He suggested a limit in reality of course, but despite this Artaud is saying that there are no real limits to which theatre cant seek.     

Cruelty-
The 3rd double is cruelty. 

Artaud indicated that the combination of the 3 presences are involved in the process of making theatre. The theatre that he visualized was one that could evoke, organize and present the unused dream images of our mind, and would hold on to us with its power and amaze us with its phenomenal presentation.    


The double-
The 4th double is the double. 

It suggest that "material existence is seen as an imperfect copy of what art - as a higher form of reality - symbolically expresses."  

This is the opposite of the accepted relationship between art and life: Artaud looked at theatre as a magnified mirror image. 

He suggests that life will take 2nd place to a complete and higher form of the real. 

His choice of the double as a metaphor wasn't an accident. His early interest in poetry of Romantics and the poems and stories of Edgar Allan Poe allowed him to come across the concept of the double during 19th century literature. 

This concept was pertinent to his own life and how the shadow of a double could provide meaning to and burden his theoretical writings.



The Theatre Of Cruelty

This is the title of two manifestos within The theatre and Its double which provides their name to an entirely new body of generalized shorthand when Artaud's writing was discussed. 

The title of Theatre of Cruelty generated a large debate since it was proposed by him, but its crucial to remember that it doesn't only refer to blood, murder and chaotic acts of torture. 

He intended the theatre to challenge and intensify the spectators' emotional response through the most carefully arranged set of situations. Through the stimulation of the physical and emotional senses, the audience needed to be kept in a constant state of uncertainty, resulting to overwhelming emotional release. 


Staging The Theatre Of Cruelty

Auditorium and audience-
The auditorium would be enclosed within 4 walls, stripped of any decorations, with the audience seated below, in the centre, on swivelling chairs, which allows them to follow the show taking place all around them.  

No other practitioner in the 20th century searched for such an essential solution to the actor-audience relationship.
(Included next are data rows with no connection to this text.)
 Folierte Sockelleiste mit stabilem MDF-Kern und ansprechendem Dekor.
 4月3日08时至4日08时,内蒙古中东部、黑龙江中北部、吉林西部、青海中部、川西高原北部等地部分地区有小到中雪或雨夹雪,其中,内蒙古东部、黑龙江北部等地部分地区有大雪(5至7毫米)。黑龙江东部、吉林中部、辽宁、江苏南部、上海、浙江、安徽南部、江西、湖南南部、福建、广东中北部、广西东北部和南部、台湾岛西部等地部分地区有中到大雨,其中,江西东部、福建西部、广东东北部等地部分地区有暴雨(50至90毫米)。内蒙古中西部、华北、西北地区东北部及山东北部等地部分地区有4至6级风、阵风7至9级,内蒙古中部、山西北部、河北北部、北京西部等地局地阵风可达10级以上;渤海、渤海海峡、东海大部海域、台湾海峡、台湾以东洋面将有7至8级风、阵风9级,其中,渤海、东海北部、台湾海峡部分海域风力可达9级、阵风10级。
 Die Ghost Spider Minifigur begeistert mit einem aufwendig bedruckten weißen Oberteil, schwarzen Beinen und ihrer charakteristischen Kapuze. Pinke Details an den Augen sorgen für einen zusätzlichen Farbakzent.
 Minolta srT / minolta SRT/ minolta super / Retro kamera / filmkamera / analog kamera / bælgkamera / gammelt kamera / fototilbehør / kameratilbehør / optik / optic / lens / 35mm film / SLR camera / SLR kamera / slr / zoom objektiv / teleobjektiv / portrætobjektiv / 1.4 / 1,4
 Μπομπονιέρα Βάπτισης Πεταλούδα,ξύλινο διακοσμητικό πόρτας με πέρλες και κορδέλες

The idea continues to challenge us based on its emphasis on 'below' it implies that the audience is both trapped and in a powerless area. 

The problem of the audience in the middle is a vital one and it needs to be admitted, rarely achieved. He envisioned the vortex, a circular shifting shape into which the performance could arise, drawing the audience into complete sensory identification with the performance. 
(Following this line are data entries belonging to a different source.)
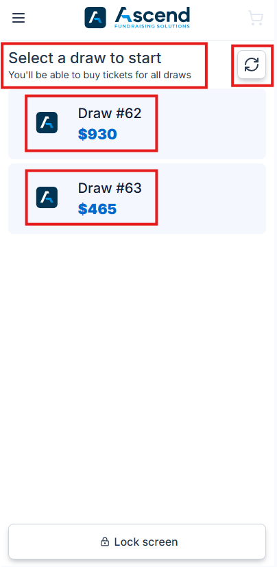 - Upon opening the home screen, the seller will notice all the active draws available to purchase tickets.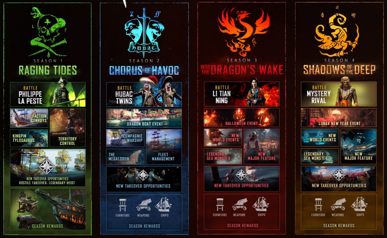 • каждый сезон будет крутиться вокруг определённого легендарного пирата, где будут уникальные мировые события и временные события.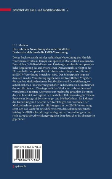 Dieses Buch setzt sich mit der rechtlichen Neuordnung des Handels von Finanzderivaten in Europa und speziell in Deutschland auseinander. Die auf den G-20 Beschlüssen von Pittsburgh beruhende europarechtliche Regulierung des außerbörslichen Derivatemarkts erfolgt in der EU durch die European Market Infrastructure Regulation, die auch als EMIR-Verordnung bezeichnet wird. Der Schwerpunkt liegt auf den sich aus der Verordnung ergebenden zivilrechtlichen Vorgaben, die von den Marktteilnehmern bei Abschluss und Durchführung von außerbörslichen Finanztermingeschäften zu beachten sind. Im Rahmen des verpflichtenden Clearings stellt das Werk eine rechtssichere und wirtschaftlich günstige Alternative zur regelmäßig gewählten Novation dar und bewertet und ergänzt den deutschen Rahmenvertrag für Finanzderivate in Bezug auf Besicherungs- und Meldepflichten. Im Rahmen der Darstellung und Analyse der Rechtsfolgen von Verstößen der Marktteilnehmer gegen Verpflichtungen aus der EMIR-Verordnung setzt sich das Werk für eine differenzierte, den Sekundäranspruchskatalog des BGB achtende enge Auslegung der Verordnung ein und stellt europäische Abwicklungsvorgaben dem deutschen Insolvenzrecht gegenüber.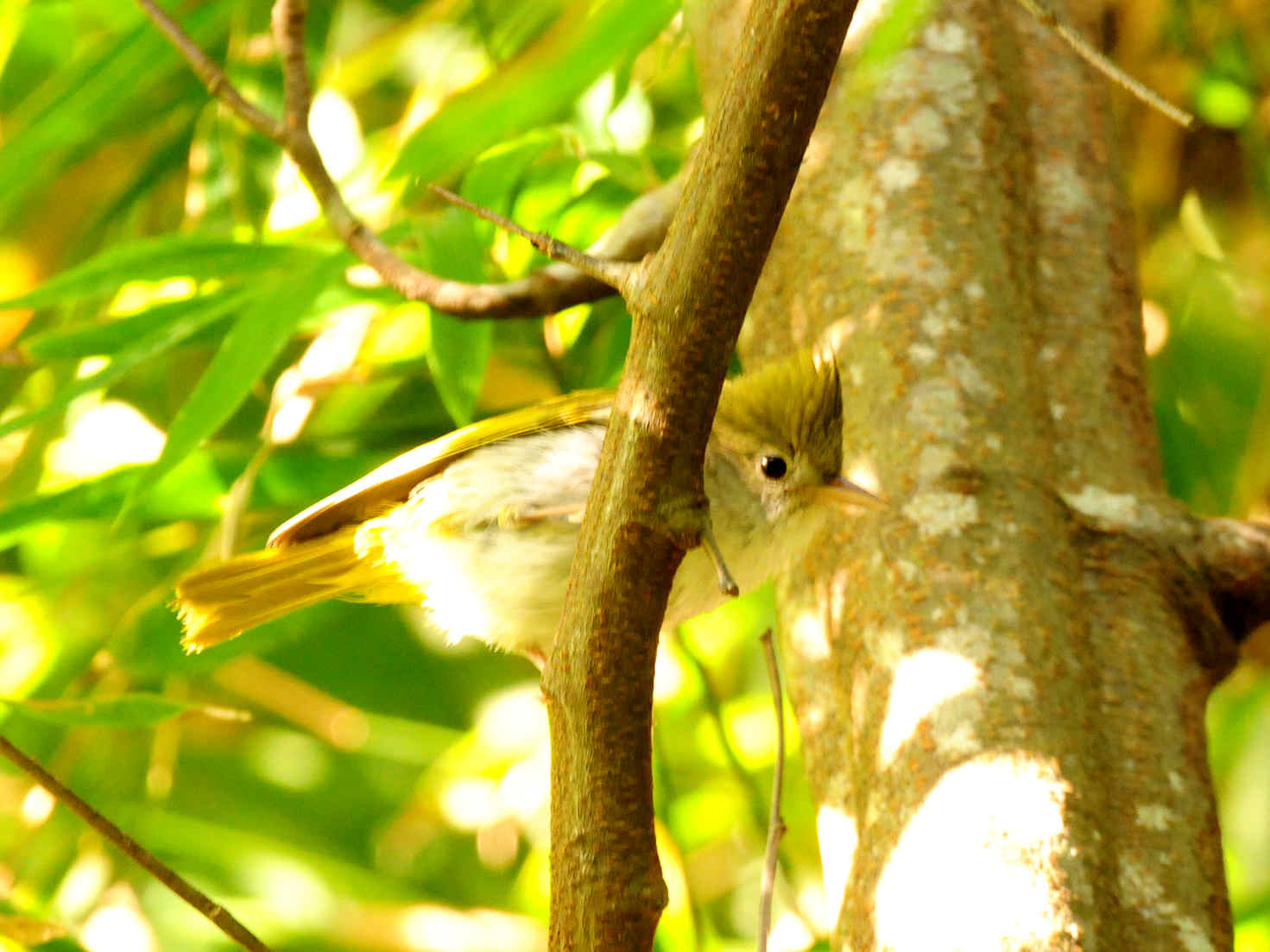 I think they're both White-bellied Erpornis, but the angle on the first is unusual and it seems to have the crest lowered.
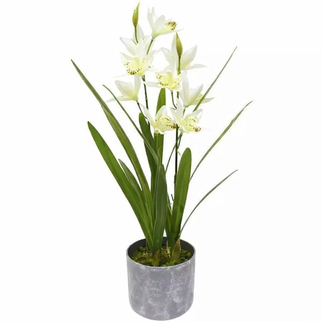 Dirbtinė gėlė su vazonu orchidėja 54 cm. balta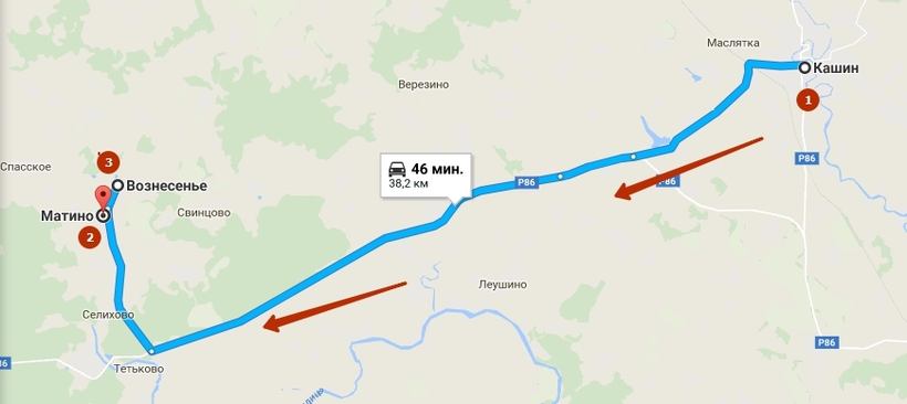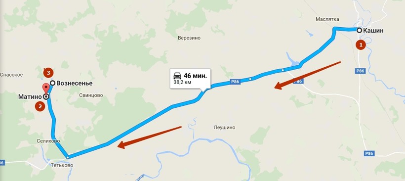 По Дмитровскому шоссе через Дмитров (4), Талдом (5), село Спас-Угол (тут родился М.Е. Салтыков-Щедрин) стремимся к Калязину.

The invasion of the audience by the actor was one of the most important practical developments from Artaud's theory and resulted in the creation of theatres where these boundaries were re-examined and, in a few cases, eliminated. 


Sound-
In Artaud's vision of theatre there was always a large emphasis on sound, he realised its power to engage an audience's inner sense. 
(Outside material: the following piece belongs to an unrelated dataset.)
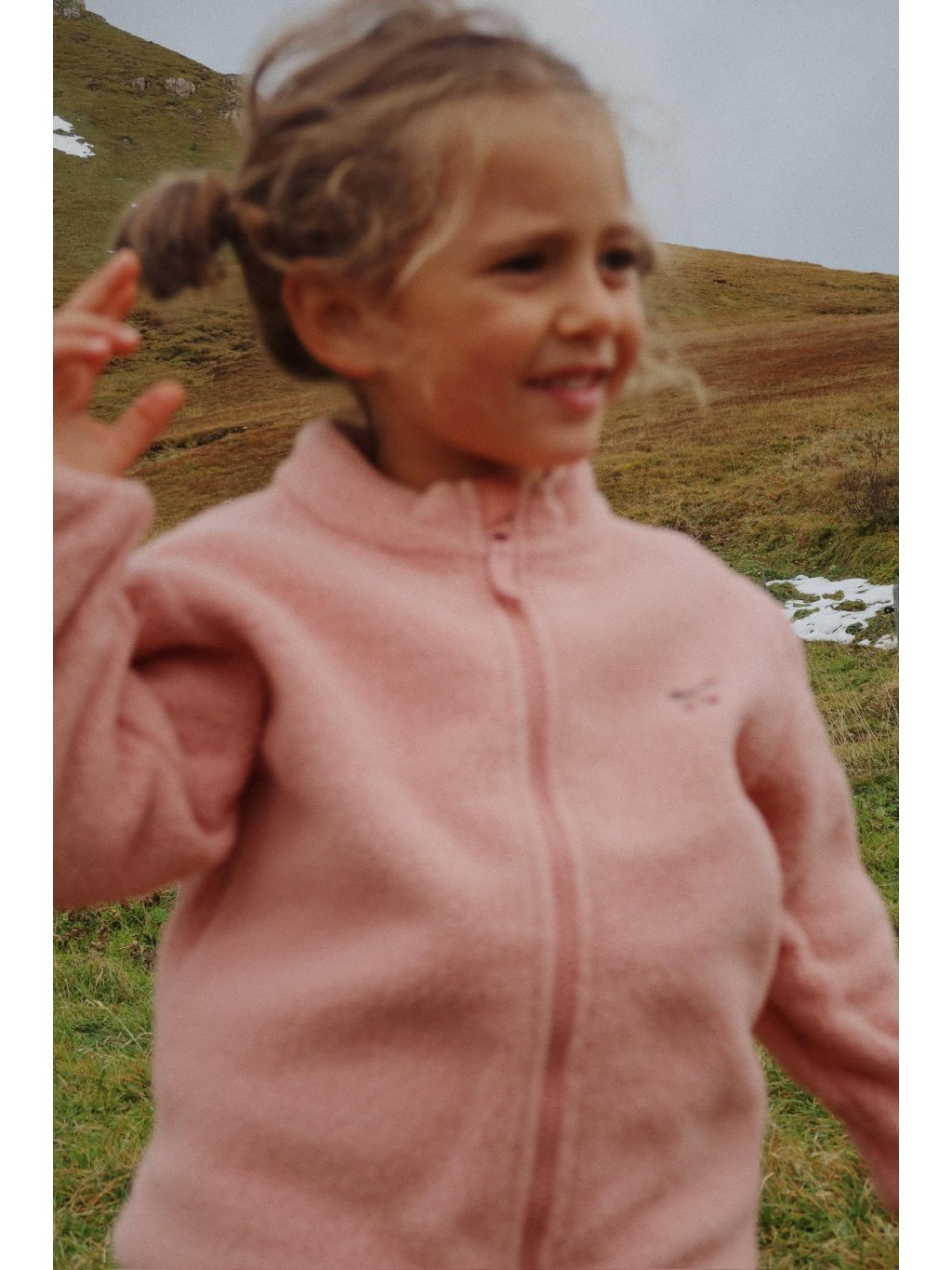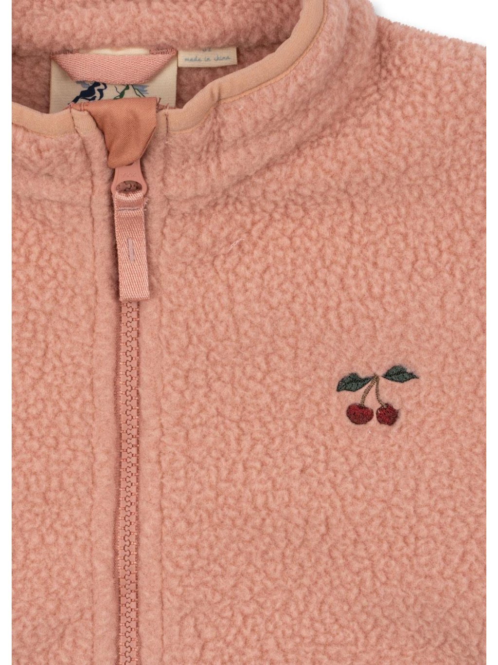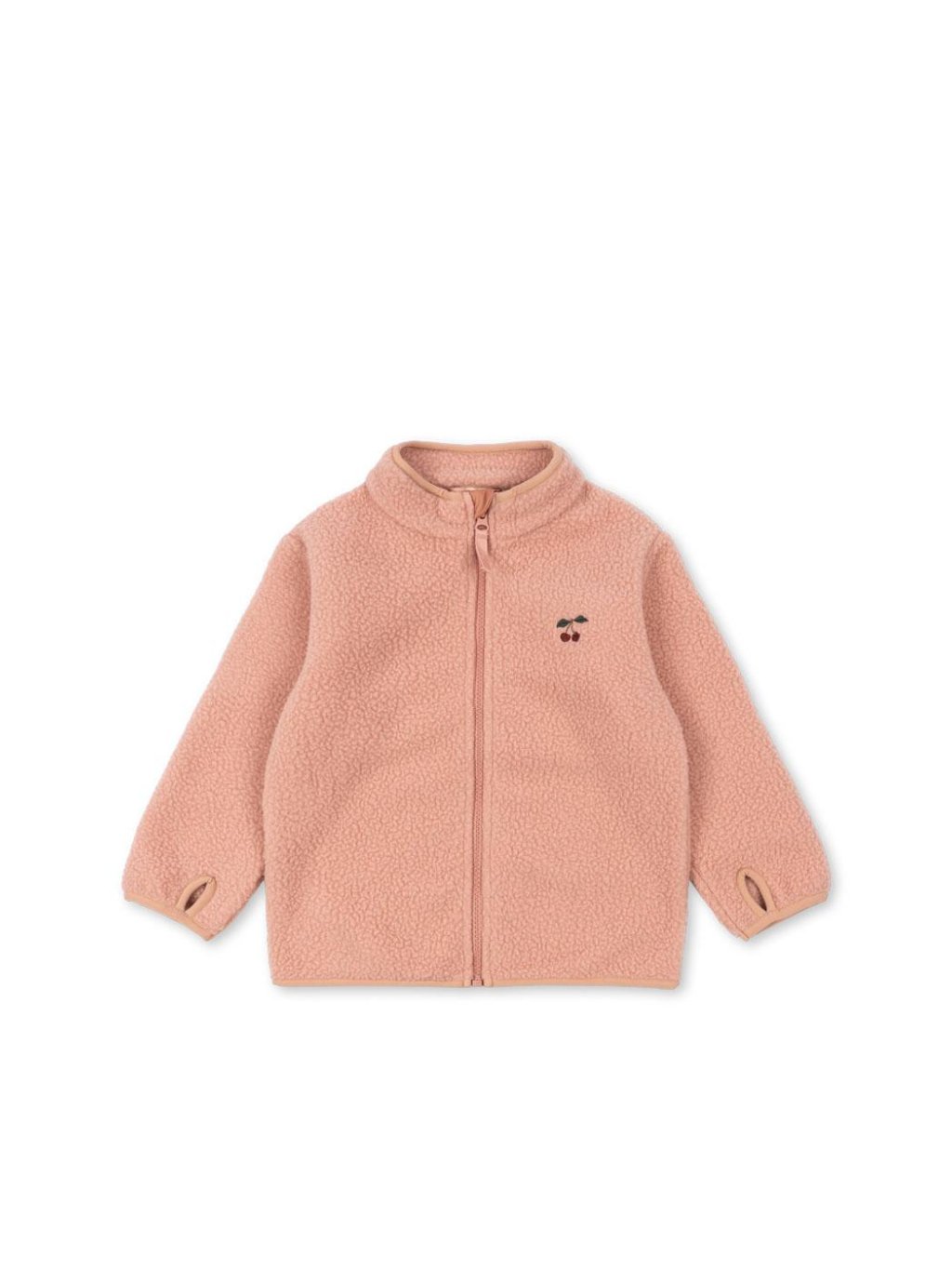 Dívčí rozepínací praktická fleecová mikina se zapínáním ke krku. Na rukávech má mikina otvory na palce, na levém prsu je decentní výšivka třešinky. Mikina je vyrobena z recyklovaného polyesteru, který je lehký a jemný, což je ideální pro nošení samostatně nebo jako další vrstvu pod tenkou bundu.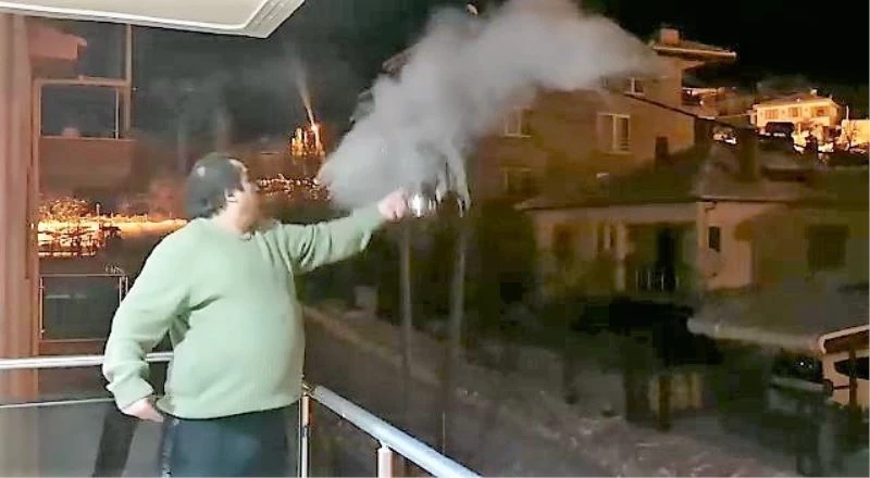 Ağır kış şartlarının etkisini sürdürdüğü ilçede görev yapan gazeteci Sezgin Özdemir, son 10 yılın en soğuk günlerini yaşayan Çameli’de hakim olan dondurucu havayı yaptığı deneyle gözler önüne serdi. Özdemir’in evinin balkonundan havaya bıraktığı hem sıcak hem de soğuk su, birkaç saniyede kristalleşerek buz tuttu.

Music and instruments played a part in the mise-en-scene as well; he suggested they might be part of the set and that through 'vibrations' the audience would be charmed.  


Lighting- 
Artaud saw lighting as a force, that could be used in conjunction with other factors of staging to become an almost physical piece of the action. 

Film- 
He was an actor, so he tended to be dismissive about film and the role it may have in theatre. Can shock by its juxtaposition of imagery, of the live actor and film.